Stored data entries:

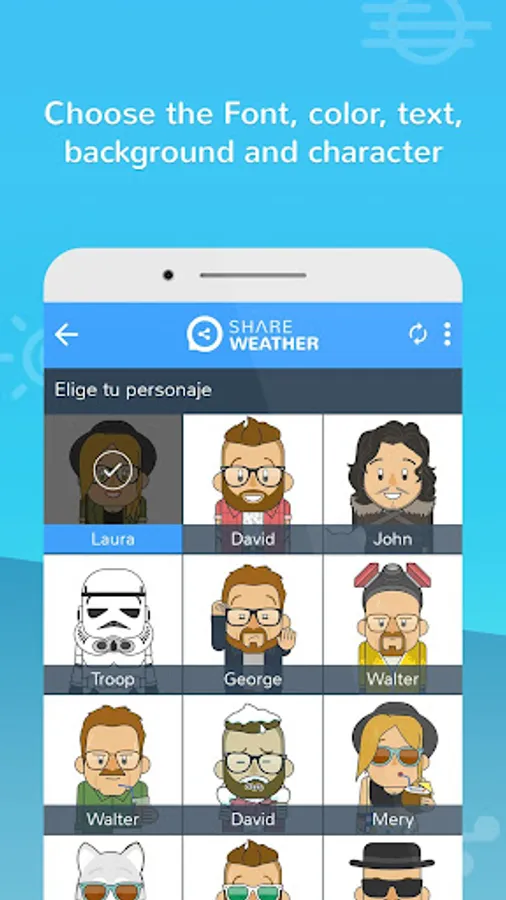 -We created fun characters that will be the ones in charge of informing you of the weather, including the protagonists of your favorite TV shows, in exclusive HD illustrations and internet memes lol .
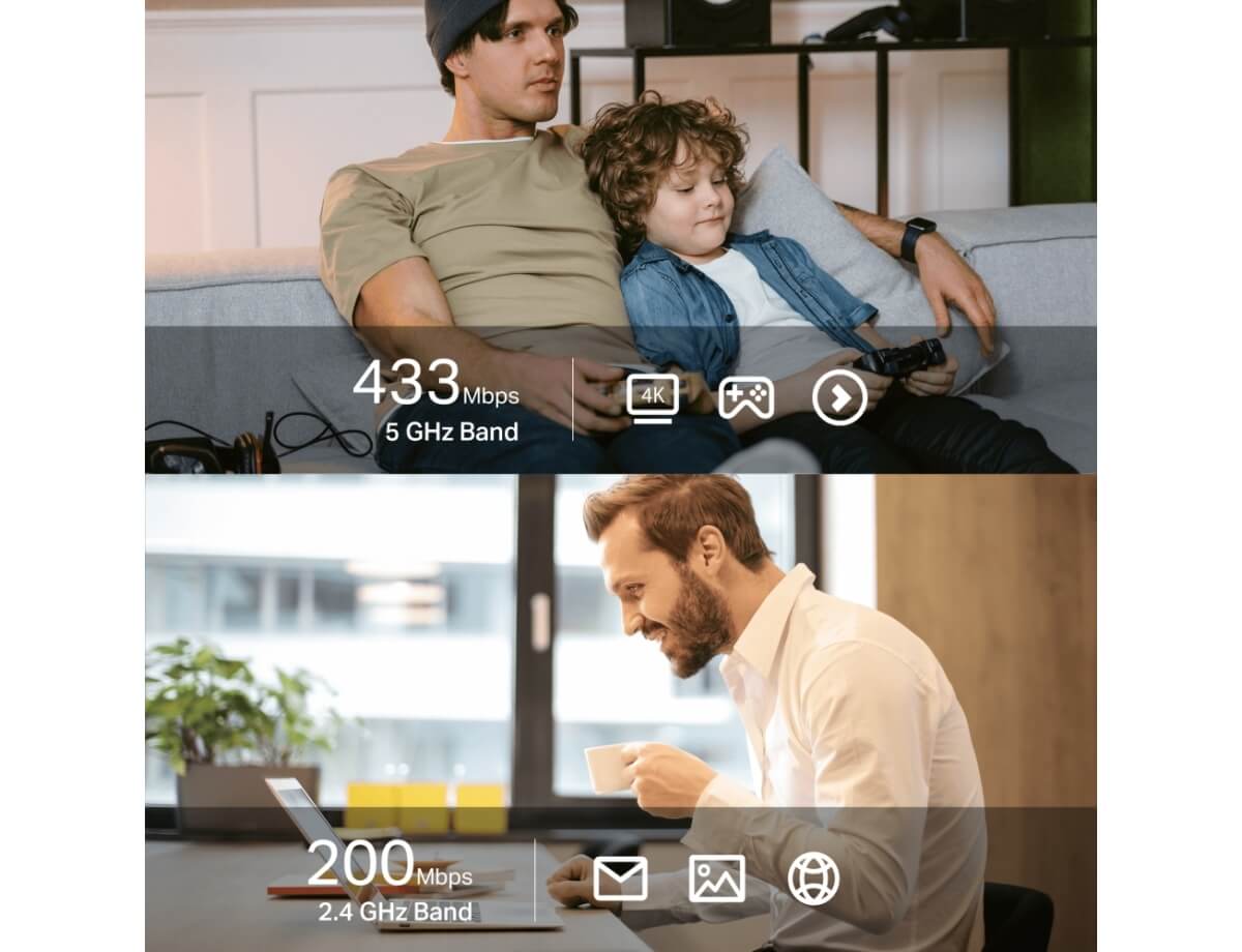 - WiFi υψηλής ταχύτητας – Ταχύτητες έως 600Mbps με 200Mbps στα 2,4GHz και 433 Mbps στα 5GHz, αναβαθμίζει τις συσκευές σας σε υψηλότερες ταχύτητες WiFi AC.
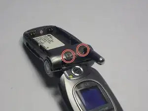 Найдите два резиновых подкладки, закрывающих винты в верхней части телефона у петли.
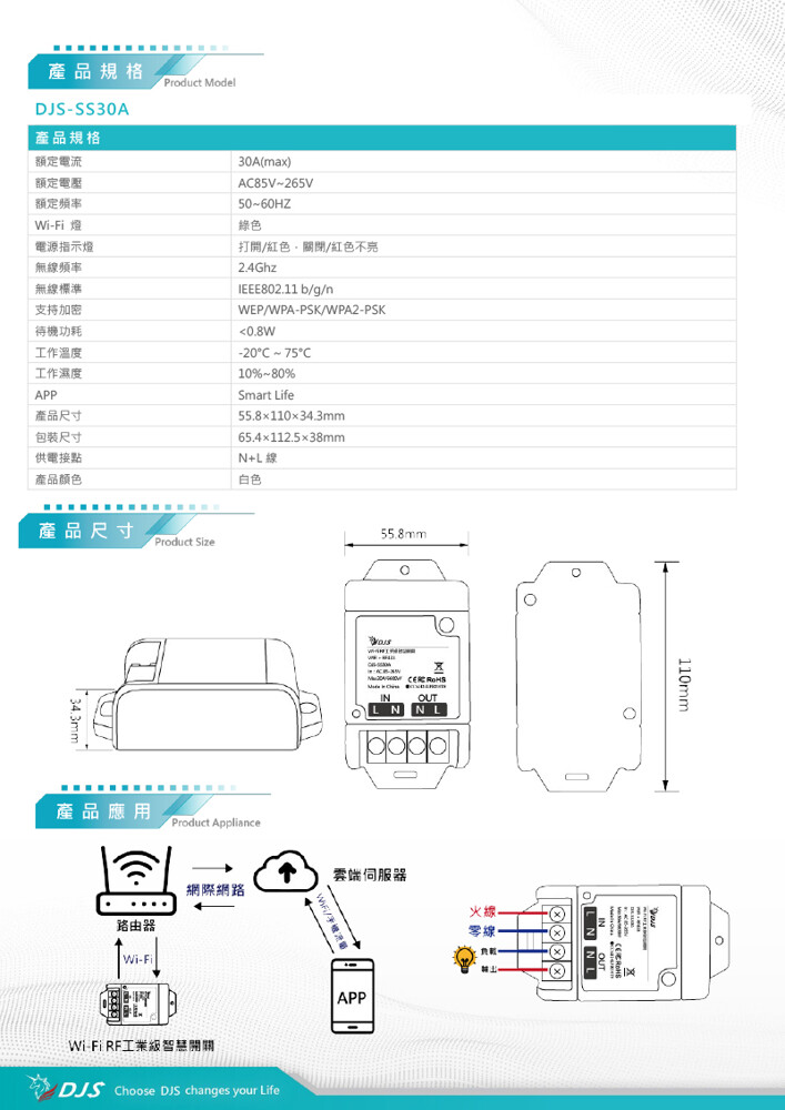 手機控制、本機按鈕控制、遙控器控制(選購)、語音控制、定時開關、循環定時、隨機定時、倒數計時、通電狀態設置
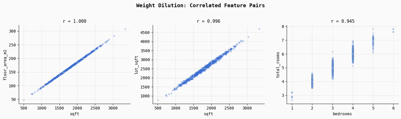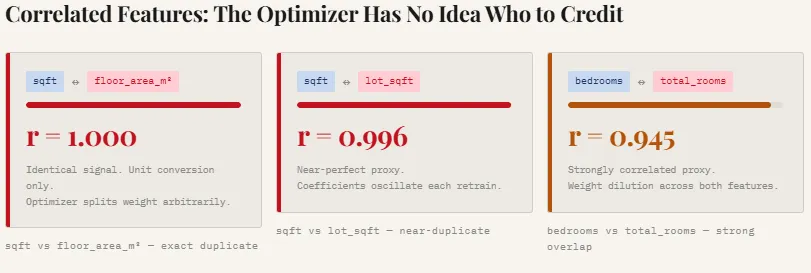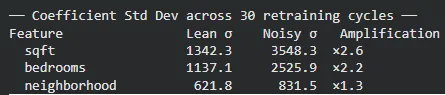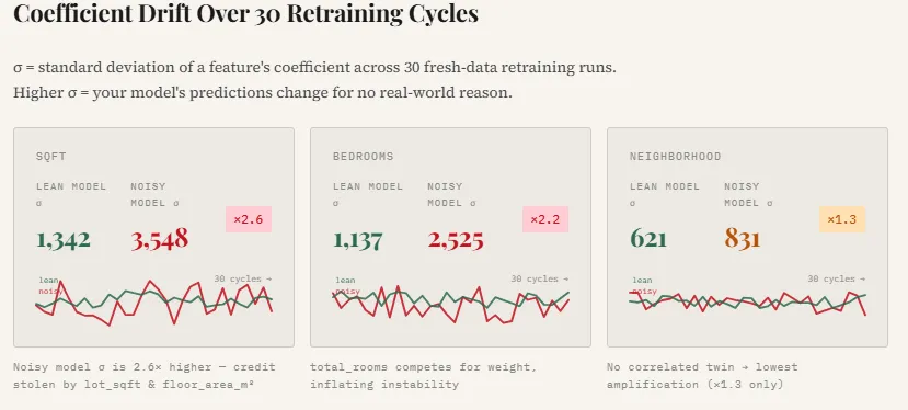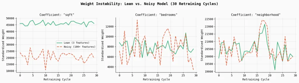 For example, the standard deviation of the sqft coefficient increases by 2.6×, while bedrooms becomes 2.2× more unstable compared to the lean model. The plotted lines make this effect visually obvious—the lean model’s coefficients remain relatively smooth and consistent across retraining cycles, whereas the noisy model’s weights fluctuate much more. This instability arises because correlated and irrelevant features force the optimizer to redistribute credit unpredictably, making the model’s behavior less reliable even if overall accuracy appears similar.
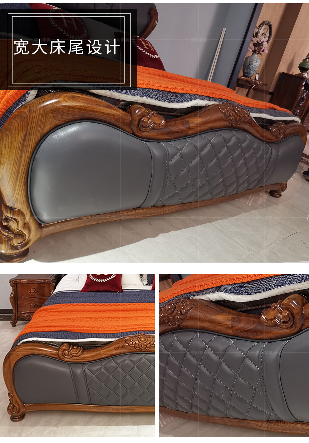黒木ベッドの実木真皮結婚ベッド1.8メートルダブルベッドの主人ベッド欧米式の簡単な中国式の宮廷別荘の大統領の寝室の家具の色はオプションとしてドイツ沁迪致接触面の頭層の真皮【1.8メートルベッド+ラテックス】アフリカ烏金木

» GOAL OF THE EXERCISE
Only the line with "手機控制、本機按鈕控制、遙控" and those preceding it, back to the first line of the entries, should be repeated exactly, without pictures.

» TASK RESPONSE
 -We created fun characters that will be the ones in charge of informing you of the weather, including the protagonists of your favorite TV shows, in exclusive HD illustrations and internet memes lol .
 - WiFi υψηλής ταχύτητας – Ταχύτητες έως 600Mbps με 200Mbps στα 2,4GHz και 433 Mbps στα 5GHz, αναβαθμίζει τις συσκευές σας σε υψηλότερες ταχύτητες WiFi AC.
 Найдите два резиновых подкладки, закрывающих винты в верхней части телефона у петли.
 手機控制、本機按鈕控制、遙控器控制(選購)、語音控制、定時開關、循環定時、隨機定時、倒數計時、通電狀態設置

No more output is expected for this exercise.